- _DESCRIPTION OF THE TASK_
From the line containing "The cloister, or" to the line containing "当情感关系与金钱借贷相互交织" in the entries below, reproduce every line exactly, ends included. Nothing else belongs in the copy, and no pictures.

- _INFORMATION GIVEN_
* * * * * * *
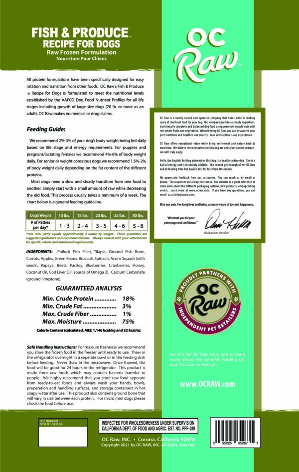 Transitioning to a new food varies from pet to pet. What works for one may not work for another. Those with hearty digestive systems can transition quicker, even cold turkey without any significant side effects. While other dogs benefit and may require a slow, steady transition ranging from a few days to several weeks. Simply start with a small amount of OC Raw to your current food and every day or every few days increase the amount of OC Raw while decreasing the old food.
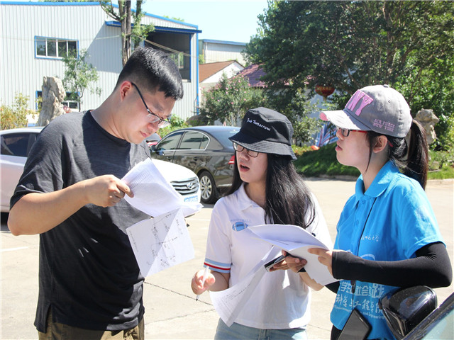 7月19日早上8点,七组队员同时出发,分赴泾川镇、丁家桥镇、云岭镇、蔡村镇等不同村庄。每组组员在环保局负责人或乡镇人员的带领下,实地走访删除名录上的企业单位,现场进行GPS定位和拍照取样,逐个核实企业污染源基本数据,对不真实、不完善的数据进行修改和补充,对漏查的污染源进行补报。晚上,团队对一天的工作进行了总结,各个小组分别汇报了工作成果,并提出了在工作中遇到的问题,通过队员们的反复讨论商榷,最终提出了合理的对策。随后,队长对次日工作进行了详细的人员安排和计划安排。一天的实地调研和总结,让队员们将所学理论应用于实际,也对全国污染源普查有了更多的了解和认识。在接下来的暑期社会实践中,团队将对泾县县城范围内共1710家删除企业全部进行现场核实。
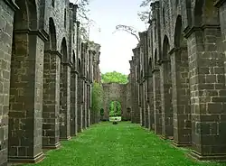 The cloister, or inner yard, is surrounded by the Bursenbau, the church ruin, the main abbey building (1775), and the early Gothic eastern wing (Ostflügel) that housed the dormitory for the brothers on the upper floor and the chapter hall, which doubled as the burial site of the abbots, on the lower floor. The former was demolished in the 19th century, but has been reconstructed and now serves as a venue for concerts. The latter has become part of the war grave cemetery, with a memorial to the war dead. The war cemetery now occupies the cloister, where rows of graves are interspersed with crosses made of Basaltic tuff.[26]
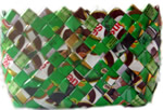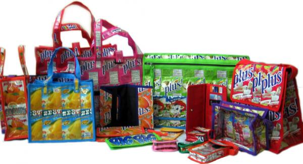 ゴミ廃棄の対象となる、お菓子やジュースなどのパッケージをバッグや小物として明るいデザイン性を保ちながら再利用された商品です。現地にて3支援団体が運営する、エコ再利用製品を取り扱い、フェアトレーディング、現地の雇用問題、地球環境問題にたいする1つの回答として、日本のみなさまへご使用をすすめて、諸問題に対する、再認識、支援の架け橋となる商品群となります。
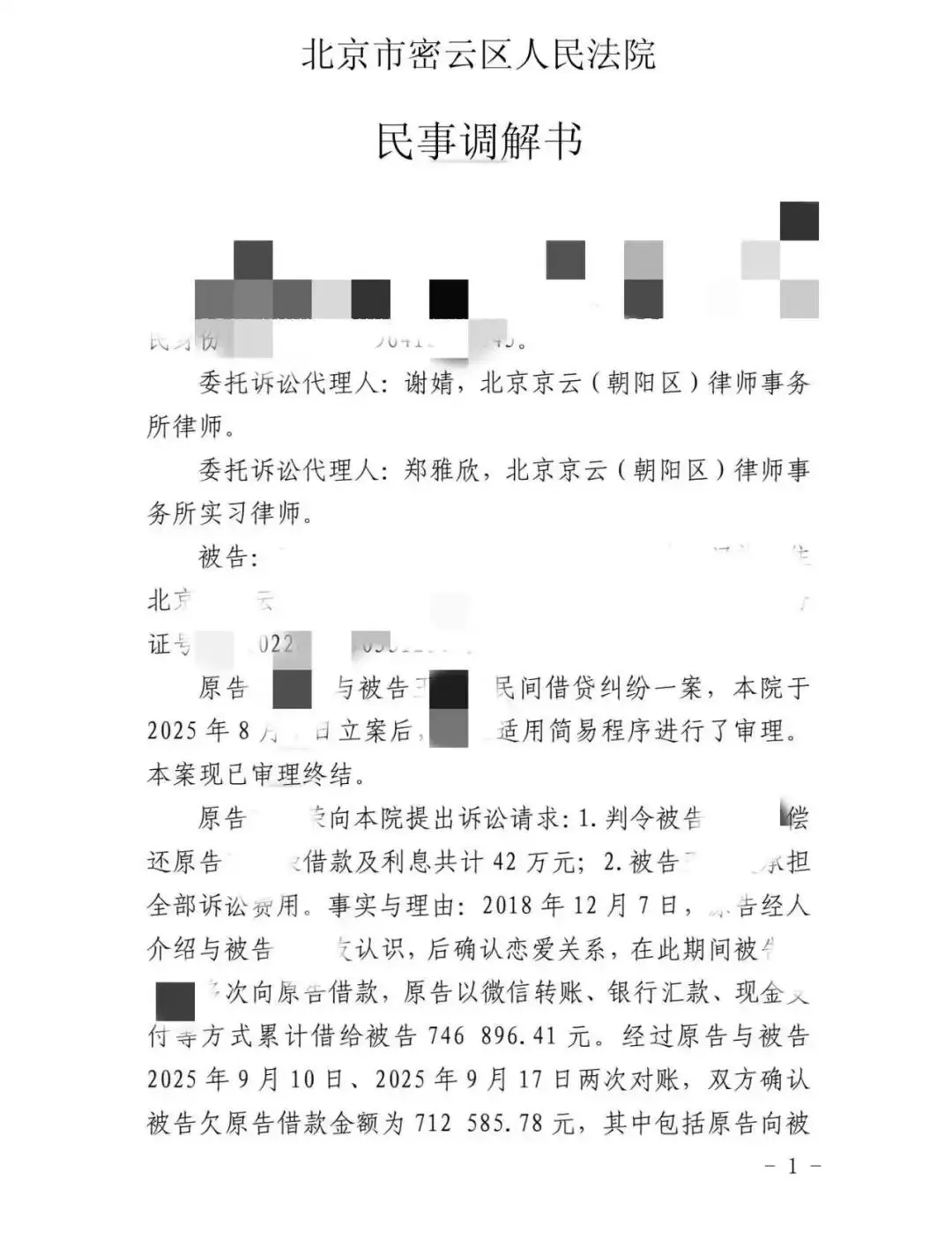 当情感关系与金钱借贷相互交织,往往会给当事人带来双重伤害。近期,谢婧律师团队成功代理了一起复杂的民间借贷纠纷案件,帮助当事人李女士(化名)通过法院调解,成功与对方达成分期还款42万元的协议,有效维护了当事人的合法权益。
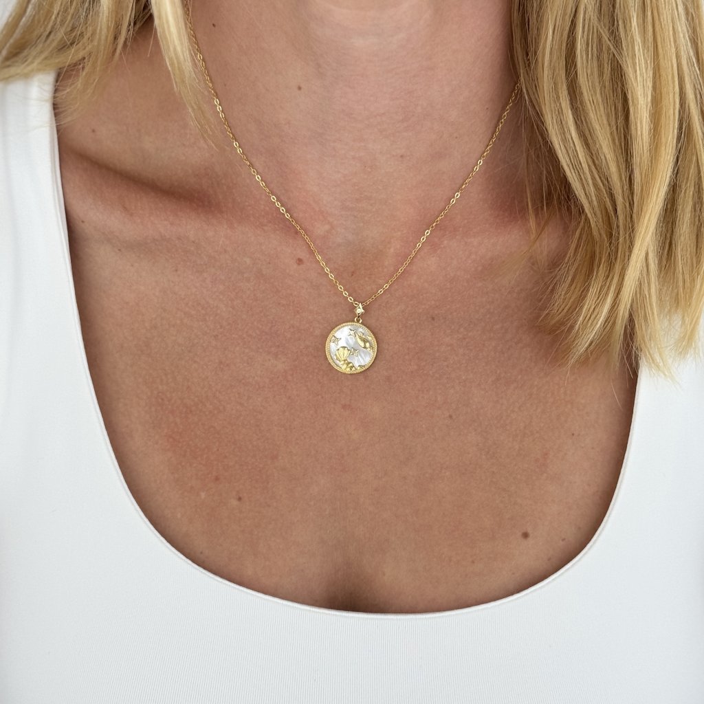 Srebrny łańcuszek wisiorek z MOONLIGHT CANCER to idealny prezent dla każdego, kto urodził się pod znakiem Kraba. Ten klejnot łączy w sobie delikatność i piękno tego wodnego znaku. Pozłacany okrągły wisiorek o średnicy 18 mm jest ozdobiony wizerunkiem Raka na białym tle, który przywołuje blask księżycowego nieba.
* * * * * * *
- _RESULT BELOW_
 The cloister, or inner yard, is surrounded by the Bursenbau, the church ruin, the main abbey building (1775), and the early Gothic eastern wing (Ostflügel) that housed the dormitory for the brothers on the upper floor and the chapter hall, which doubled as the burial site of the abbots, on the lower floor. The former was demolished in the 19th century, but has been reconstructed and now serves as a venue for concerts. The latter has become part of the war grave cemetery, with a memorial to the war dead. The war cemetery now occupies the cloister, where rows of graves are interspersed with crosses made of Basaltic tuff.[26]
 ゴミ廃棄の対象となる、お菓子やジュースなどのパッケージをバッグや小物として明るいデザイン性を保ちながら再利用された商品です。現地にて3支援団体が運営する、エコ再利用製品を取り扱い、フェアトレーディング、現地の雇用問題、地球環境問題にたいする1つの回答として、日本のみなさまへご使用をすすめて、諸問題に対する、再認識、支援の架け橋となる商品群となります。
 当情感关系与金钱借贷相互交织,往往会给当事人带来双重伤害。近期,谢婧律师团队成功代理了一起复杂的民间借贷纠纷案件,帮助当事人李女士(化名)通过法院调解,成功与对方达成分期还款42万元的协议,有效维护了当事人的合法权益。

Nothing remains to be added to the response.